We’re gonna need that TPS form

If you think a lot of your paperwork is a waste of time, you’re right — and you’re not alone. A new study in Health Affairs found that administravia “accounts for 15 to 30 percent of healthcare spending in the U.S.”

Fine, fine, that’s just the price of a complex system. But the fun (not fun) part: “half of that ’does not contribute to health outcomes in any discernible way’.”

Specifically, $285 – $570 billion-with-a-b is just flushed down the metaphorical toilet. Well, obviously someone is getting that money (looking at you, PBMs), but it’s not helping anyone get healthier and we’re all paying for it.

Don’t forget your region meeting!

The dates and locations for GPhA’s fall region meetings are set — so if you haven’t registered for yours yet, get cracking!

They’ll be fun and relaxing dinners with friends and colleagues from your area, and a chance to (re)connect with other pharmacists, techs, and even students.

So get out from behind your counter, find your meeting, and register today at GPhA.org/regionmeetings!

(What’s your region? Click here to find out.)

The bad news: Thanks to new ACPE guidelines, we can’t offer CE credit any more. Then again, we know most of you came for the great meal, awesome attendees, and a chance to get a quick update on what GPhA is up to.

Well that’s good news

Pfizer reports that it’s bivalent, Omicron-targeted booster does, in fact, work; it “generated a strong immune response and was well-tolerated in testing on humans.”

If you’re thinking “Haven’t we been giving that booster since early September?” you’re correct. But now we’re sure it works and it’s safe!

Could polypharmacy be a dementia warning?

Yes, it could. The closer they get to a dementia diagnosis, the more medications a patient is likely to be taking. And we’re not talking about drugs that hint at the upcoming problem. The most common treatments are for “respiratory or urinary infections, arthropathies and rheumatism, and cardio-vascular disease,” although a notable number also take antidepressants.

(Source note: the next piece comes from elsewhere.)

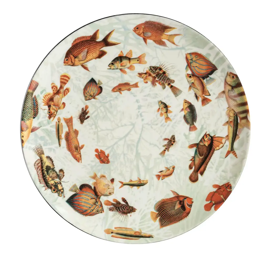 A tribute to the colorful tropical fish species endemic to the Amami archipelago in Japan, this fruit plate is part of a superbly crafted and designed series by artist Vito Nesta. Fashioned of porcelain, it is graced by a richly detailed, hand-painted decoration of red-colored fish seemingly swimming in their native coral reef rendered in delicate, light-blue strokes.

They found that in the 20 years leading up to them being diagnosed, the proportion of patients taking three or more medications rose from 5.5% (for the period 16 to 20 years prior to diagnosis) to 82.16% among those less than five years from a diagnosis.

Paxlovid and heart meds

Paxlovid is now the gold standard for preventing Covid infection from becoming Covid hospitalization, but a new caveat has emerged: Common heart medications may interact with it.

That doesn’t necessarily mean there’s a danger, say the cardio-oncologists at Lahey Hospital and Medical Center in Massachusetts who conducted the study. Rather, health providers need to be aware of the possibilities.

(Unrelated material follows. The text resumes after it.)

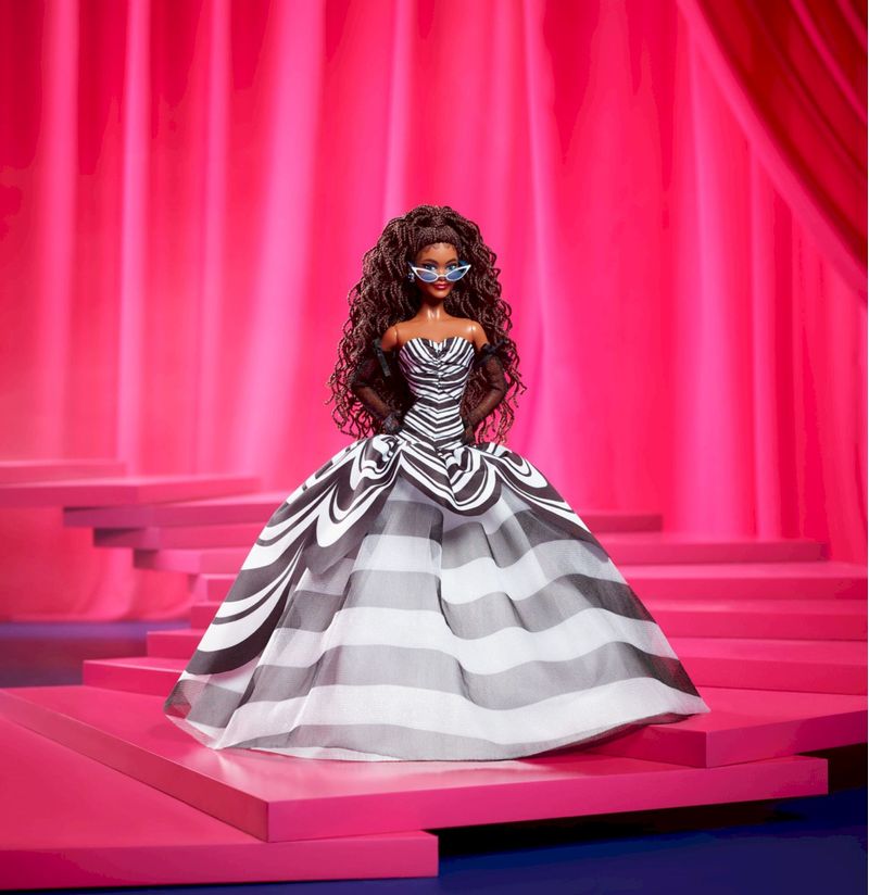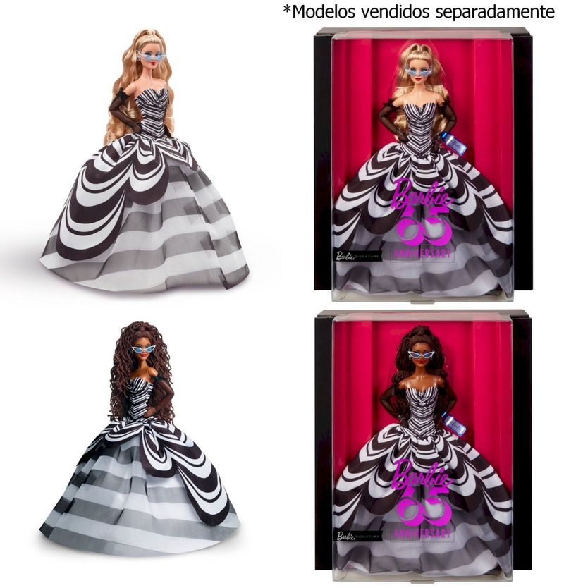 - A Barbie comemora seu 65º aniversário com uma linda boneca colecionável que reimagina elementos clássicos da boneca Barbie original através de lentes de elegância moderna.

For example, antiarrhythmic agents should be discontinued during Paxlovid use, while patients taking clopidogrel should be switched to prasugrel if possible to avoid blood clots — to cite two examples.

“Awareness of the presence of drug-drug interactions of Paxlovid with common cardiovascular drugs is key.”

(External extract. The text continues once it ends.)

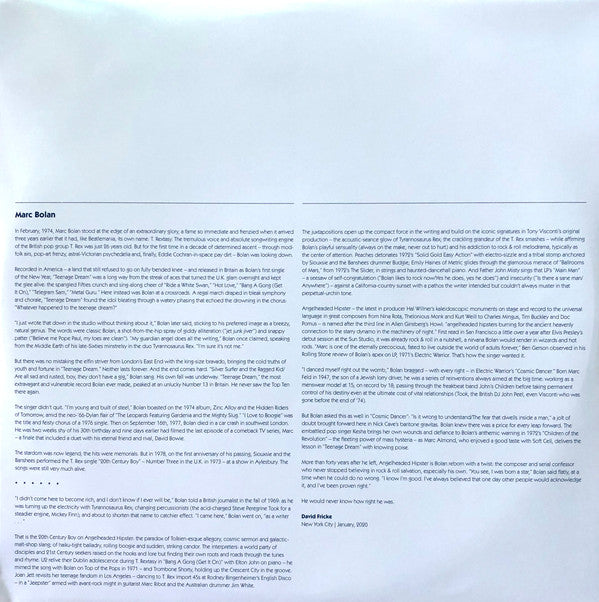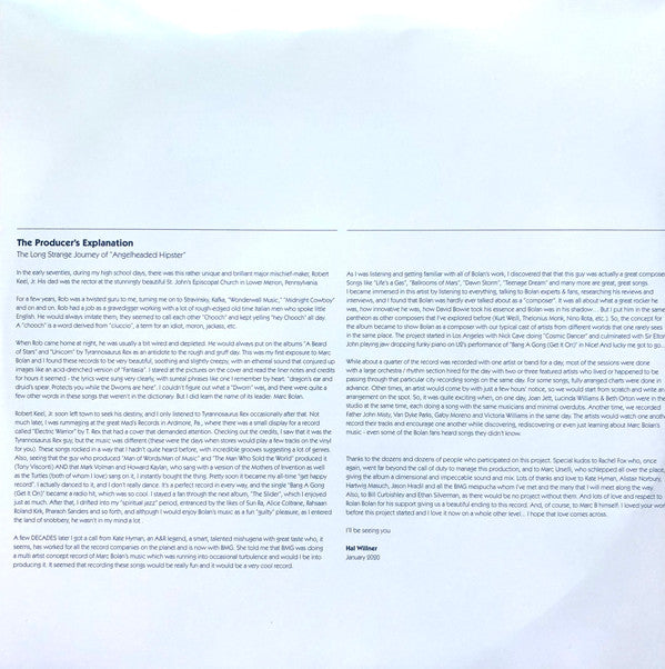 A1. Kesha - Children Of The Revolution A2. Nick Cave - Cosmic Dancer A3. Joan Jett - Jeepster A4. Devendra Banhart - Scenescof A5. Lucinda Williams - Life's A Gas A6. Peaches - Solid Gold, Easy Action A7. BØRNS - Dawn Storm B1. Beth Orton - Hippy Gumbo B2. King Khan - I Love to Boogie B3. Gaby Moreno - Beltane Walk B4. U2, Elton John - Bang A Gong (Get It On) B5. John Cameron Mitchell - Diamond Meadows B6. Emily Haines - Ballrooms Of Mars C1. Father John Misty - Main Man C2. Perry Farrell - Rock On C3. Elysian Fields - The Street And Babe Shadow C4. Gavin Friday - The Leopards C5. Nena Kerner - Metal Guru C6. Marc Almond - Teenage Dream D1. Helga Davis - Organ Blues D2. Todd Rundgren - Planet Queen D3. Jesse Harris - Great Horse D4. Sean Lennon, Charlotte Kemp Muhl - Mambo Sun D5. Victoria Williams, Julian Lennon - Pilgrim's Tale D6. David Johansen - Bang a Gong (Get It On) [Reprise] D7. Maria McKee, Gavin Friday - She Was Born To Be My Unicorn / Ride A White Swan

Friendly fire from ICU antibiotics

Antibiotics given to critically ill patients may do more harm than good. Some of them — the ones that kill anaerobic bacteria — can mess with the good ol’ gut biome and end up making their conditions worse.

The gist is that killing those anaerobic bacteria allows other, pathogenic bacteria to flourish. University of Michigan medical researchers even likened killing the biome to “causing a hidden form of organ failure.”

ICUs and ERs often measure ‘time-to-antibiotics,’ but the UMich folks think “which antibiotic is given probably matters more than how quickly they are administered.”

Speaking of antibiotics …

Targeted antibiotics are all the rage — both finding/creating new drugs and finding ways to deliver them to the site of an infection, instead of systemically.

The latest comes from Brigham and Women’s Hospital, where engineers have combined existing bone cements with a new antibiotic (“VCD-077”) targeted at bone infections. If it works on humans, it could be used to treat infections after, say, hip or knee replacement. The benefit: lower doses of the drug, which would cut side effects and reduce the chance of creating resistant bacteria.

How do chemists waste their time?

By developing “a fully edible sensor showing if frozen food has previously thawed.”

[R]esearchers […] have designed a food-grade device from edible materials, including table salt, red cabbage and beeswax, that lets you know.

Or, you know, they could simply put an ice cube in the package.

Your Life isn’t healthy (and neither are your corn flakes)

The new FDA rules for labeling a product as “healthy” means a bunch of breakfast cereals can no longer use the label because they add too much sugar. Per the FDA, these are off the healthy list:

  • Raisin Bran (9g of added sugars)
  • Honey Nut Cheerios (12g of added sugars)
  • Corn Flakes (300mg of sodium; 4g of added sugars)
  • Honey Bunches of Oats, Honey Roasted (8g of added sugars)
  • Frosted Mini Wheats (12g of added sugars)
  • Life (8g of added sugars)
  • Special K (270mg of sodium; 4g of added sugars)

*You can have my Frosted Flakes when you pry them from my cold, dead fingers.